Closed KasiaTluscik closed 1 year ago

KasiaTluscik commented 2 years ago

Hi :)

I am having trouble with getting the rMLST database for confindr. following the instructions gets such an error:

Traceback (most recent call last): File "/home/msszwarc/miniconda3/envs/confindr/bin/confindr_database_setup", line 10, in sys.exit(main()) File "/home/msszwarc/miniconda3/envs/confindr/lib/python3.6/site-packages/confindr_src/database_setup.py", line 270, in main args.secret_file) File "/home/msszwarc/miniconda3/envs/confindr/lib/python3.6/site-packages/confindr_src/database_setup.py", line 209, in setup_confindr_database record.seq._data = record.seq._data.replace('-', '').replace('N', '') TypeError: a bytes-like object is required, not 'str'

adamkoziol commented 2 years ago

Hi Kasia,

I took a look at this issue, and I'm not quite sure why it's happening. The best I can figure is that something changed within BioPython, and the record.seq._data protected attribute is now encoded.

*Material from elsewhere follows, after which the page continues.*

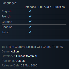 Tom Clancy´s Splinter Cell Chaos Theory (Steam Gift / ROW / Region Free)
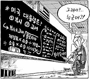 黑板上寫有許多解題的公式,但他只寫了"是布什?"就猶豫不決了.

The odd thing is that I could recreate this issue with my Python 3.6 environment, but not my Python 3.8 testing environment.

I ended up replacing line 209 in database_setup.py with a try/except to address this issue. This will eventually be reflected in the bioconda package, but in the meantime, please replace line 209 (record.seq._data = record.seq._data.replace('-', '').replace('N', '')) in "/home/msszwarc/miniconda3/envs/confindr/lib/python3.6/site-packages/confindr_src/database_setup.py" with record.seq._data = str(record.seq._data).replace('-', '').replace('N', '').encode()

Please let me know if this addresses your issue.

Best regards, and good luck, A

jenmuell commented 2 years ago

Hello A,

I ran into the same problem with both Python versions (3.7 and 3.8). Your code snippet solved the problem for Python 3.8 and I haven't tried it with Python 3.7.

pimarin commented 1 year ago

Hello, I encounted the same problem and I modified the python script by removing the _data before record.seq._data = str(record.seq._data).replace('-', '').replace('N', '').encode() after record.seq = str(record.seq).replace('-', '').replace('N', '').encode()

because the replace work on object but the record.seq._data give a string this solve the problem and work also fine

pcrxn commented 1 year ago

Fixed by 19d0d1d for v0.8.1.